[Stored entries]

....

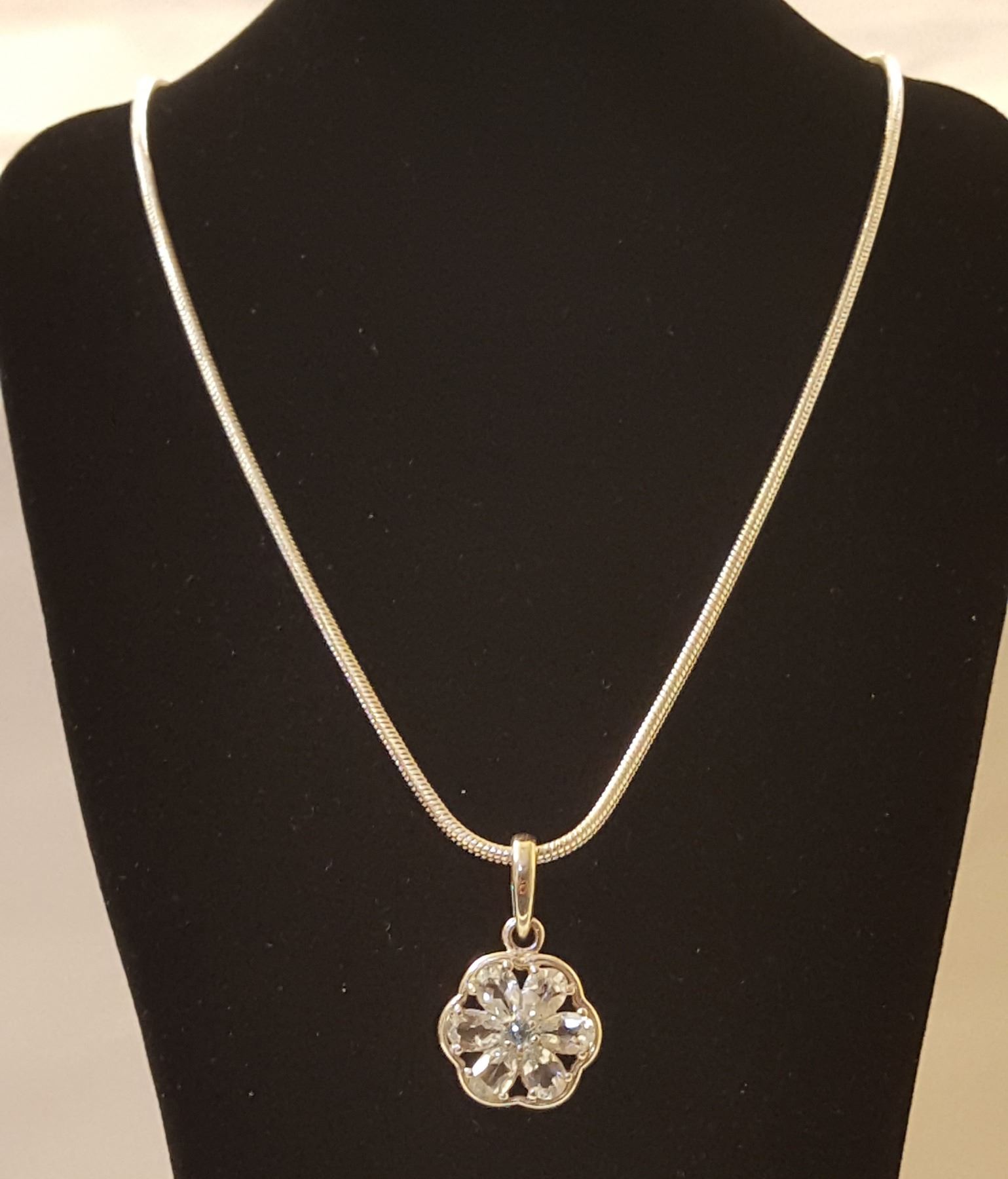 SPARKLING SKY BLUE TOPAZ PENDANT. THESE NEAR FLAWLESS GEMSTONES ARE MOUNTED IN SOLID .925 STERLING SILVER. 65 CTTW OR 12.8 GRAMS
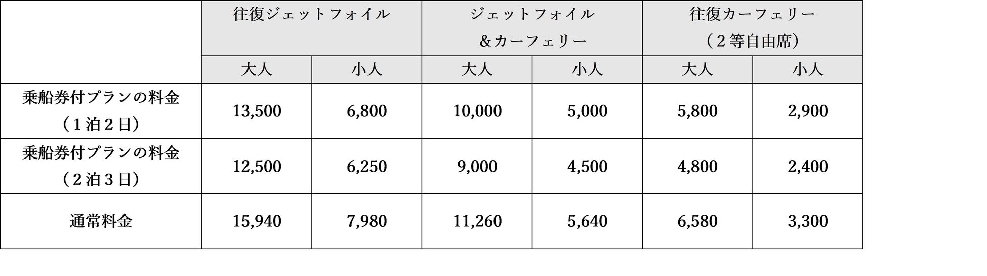 各体験商品の体験料に、以下の佐渡汽船乗船料金が加算された額がプラン料金となります。
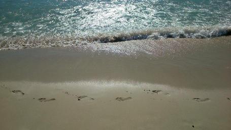 Keywords: footprints sand sun beach sea coast ocean sand beach water summer wave holiday
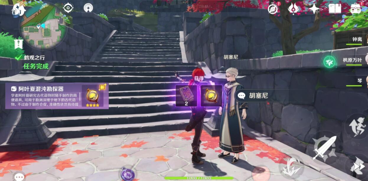 对话完之后前置任务就完成了,并且获得一个新的小道具------阿叶夏混沌勘测器。
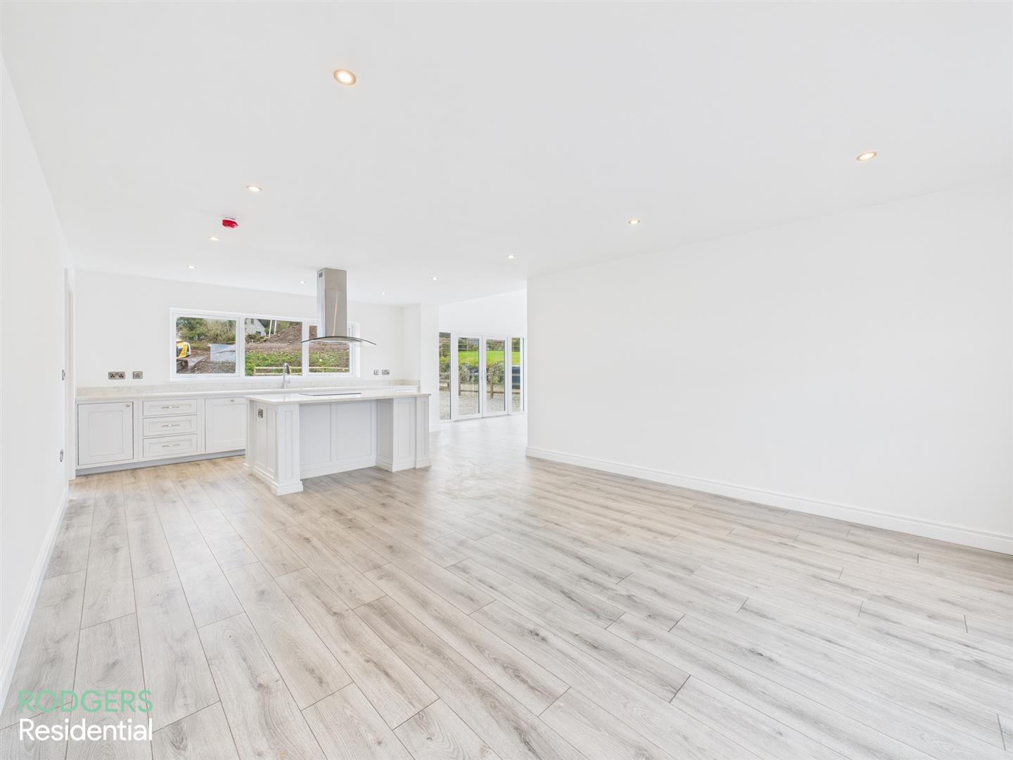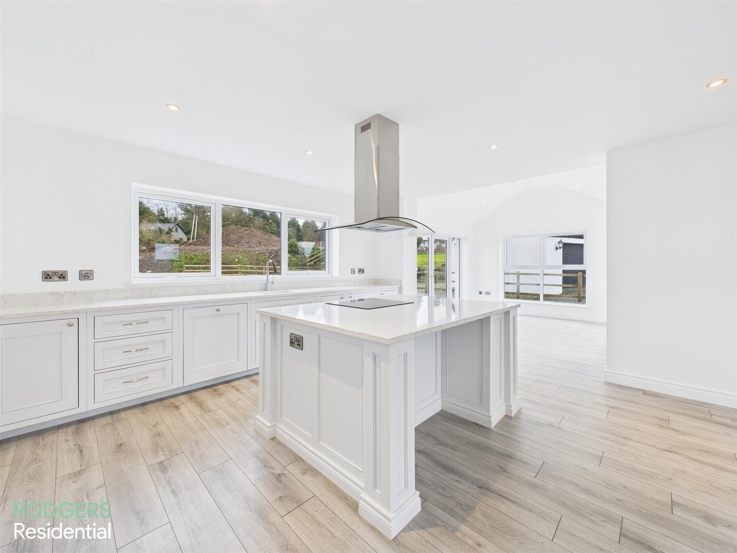 Open Plan Kitchen/Living Area, Wood Laminated Flooring, Under Floor Heating, Bespoke Handmade Kitchen To Include: Centre Island With Electric Hob & Electric Oven, Overhead Stainless Steel Extractor Fan, Custom Wine Storage Rack, Shaker Style Kitchen Units With Quartz Work Surfaces With Up Stands, Undermounted Sink With Chrome Mixer Tap, Integrated Dish Washer, Low Voltage Recessed Lighting, Leading To..
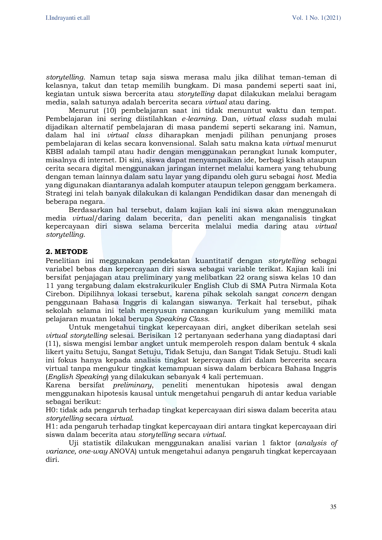 PARAVISUAL : Jurnal Desain Komunikasi Visual dan MultimediaPARAVISUAL : Jurnal Desain Komunikasi Visual dan MultimediaBercerita atau storytelling merupakan salah satu strategi dalam menyampaikan ide, cerita, atau hal apapun yang akan dituangkan dalam bentuk lisan diikuti beberapa gerakan tubuh. Namun, membutuhkan upaya yang sangat besar untuk dapat menyampaikan kisah ataupun bertukar cerita (storytelling) di kalangan siswa SMA di Indonesia karena masih merasa tidak percaya diri dan malu ditertawakan oleh teman-teman di kelasnya. Dalam kajian kali, ini siswa akan menggunakan media virtual/daring dalam becerita, dan peneliti akan menganalisis tingkat kepercayaan diri siswa selama bercerita melalui media daring atau virtual storytelling. Dengan melibatkan 22 orang siswa yang tergabung sebagai anggota eskul English Club, studi kali ini merupakan penelitian kuantitatif dengan analisis data menggunakan anova satu arah (One Way Anova) dan uji regresi untuk mengetahui pengaruh kedua variable yaitu virtual storytelling dan kepercayaan diri siswa. Berdasarkan hasil olah data, diketahui bahwa terdapat pengaruh tehadap kepercayaan diri siswa setelah bercerita secara virtual dengan nilai P-value adalah1.12 lebih besar dari nilai sig 0.05 atau 1.12>0.05. Hasil uji regresi diperoleh dengan nilai FSig 0.11 lebih besar dari nilai signifikansi 0.05 atau 0.11>0.05. Hal ini dapat disimpulkan bahwa pengaruh bercerita secara virtual terhadap tingkat kepercayaan diri siswa masih belum signifikan. Faktor psikologis adalah hal yang sangat dominan mempengaruhi.

....

- Exercise details: Above are some records. Output exactly the lines from the one that contains "各体験商品の体験料に、以下の" to the one that contains "对话完之后前置任务就完成了,并且获得一个", keeping both, and omit the pictures.

- Output of the task:
 各体験商品の体験料に、以下の佐渡汽船乗船料金が加算された額がプラン料金となります。
 Keywords: footprints sand sun beach sea coast ocean sand beach water summer wave holiday
 对话完之后前置任务就完成了,并且获得一个新的小道具------阿叶夏混沌勘测器。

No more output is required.